SV = IV(0x1daf1b8) at 0x1daf1bc
REFCNT = 1
FLAGS = (PADTMP,IOK,READONLY,pIOK)
IV = 2
C:\>perl -MDevel::Peek -le "Dump(1025);"
SV = IV(0x53ee70) at 0x53ee74
REFCNT = 1
FLAGS = (PADTMP,IOK,READONLY,pIOK)
IV = 1025
Or, alternatively, I could have assigned the values 2 and 1025 to two IV's.
The interpreter constructs a compile-time constant from the expression and stores it as an NV.
Yes, nothing remarkable about that - most perl users (you and I included) are aware of this and generally comfortable with it.
However, it implies to me that in perl, there are no distinct realms of ints and floats. And your remark that "NaN is a purely floating point concept" (which is correct) suddenly seemed a bit blurry wrt perl - because, in so many ways, perl doesn't draw a line between floats and ints - yet it does have NaNs.
Anyway ... I should have tried harder to explain the triviality or, better still, just made a mental note of it and said nothing.

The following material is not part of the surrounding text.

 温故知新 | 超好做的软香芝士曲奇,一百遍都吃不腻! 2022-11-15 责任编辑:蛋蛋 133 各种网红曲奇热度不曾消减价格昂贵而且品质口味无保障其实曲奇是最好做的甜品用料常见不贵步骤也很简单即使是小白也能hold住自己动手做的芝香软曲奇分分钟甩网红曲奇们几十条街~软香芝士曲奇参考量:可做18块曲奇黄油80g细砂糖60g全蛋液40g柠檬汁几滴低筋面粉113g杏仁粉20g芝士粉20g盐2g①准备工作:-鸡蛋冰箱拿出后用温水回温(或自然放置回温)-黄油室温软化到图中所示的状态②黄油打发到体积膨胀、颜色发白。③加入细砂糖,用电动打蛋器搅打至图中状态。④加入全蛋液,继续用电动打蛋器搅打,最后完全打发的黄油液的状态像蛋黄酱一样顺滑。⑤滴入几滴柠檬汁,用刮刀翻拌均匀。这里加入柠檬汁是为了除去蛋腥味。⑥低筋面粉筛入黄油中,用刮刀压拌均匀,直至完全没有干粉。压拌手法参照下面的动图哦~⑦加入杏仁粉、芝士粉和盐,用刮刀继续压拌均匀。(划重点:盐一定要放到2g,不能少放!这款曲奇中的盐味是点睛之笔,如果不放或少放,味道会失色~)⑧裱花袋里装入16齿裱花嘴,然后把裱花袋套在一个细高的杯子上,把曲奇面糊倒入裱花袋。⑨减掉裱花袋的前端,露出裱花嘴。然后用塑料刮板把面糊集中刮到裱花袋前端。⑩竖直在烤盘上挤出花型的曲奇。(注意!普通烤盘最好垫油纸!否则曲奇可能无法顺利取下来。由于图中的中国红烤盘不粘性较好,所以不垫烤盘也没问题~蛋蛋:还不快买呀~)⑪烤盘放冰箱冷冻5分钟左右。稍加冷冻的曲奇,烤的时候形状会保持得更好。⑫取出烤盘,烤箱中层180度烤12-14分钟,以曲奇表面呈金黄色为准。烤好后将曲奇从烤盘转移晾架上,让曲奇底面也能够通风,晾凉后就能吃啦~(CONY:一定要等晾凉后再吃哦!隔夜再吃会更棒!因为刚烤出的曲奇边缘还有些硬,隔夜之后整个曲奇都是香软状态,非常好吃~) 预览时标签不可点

I sure am glad I didn't create a demo where the upgrade from IV to NV occurred because of integer overflow ... then manipulate the NV to create a NaN ... then claim to have shown that a NaN *can* arise from integer overflow. Something like:
C:\>perl -le "$x= ~0; $x += 2; $x **= 35; $x /= $x; print $x;"
-1.#IND
;-))
(Complete and utter sophistry, of course.)
Cheers,
Rob | [reply]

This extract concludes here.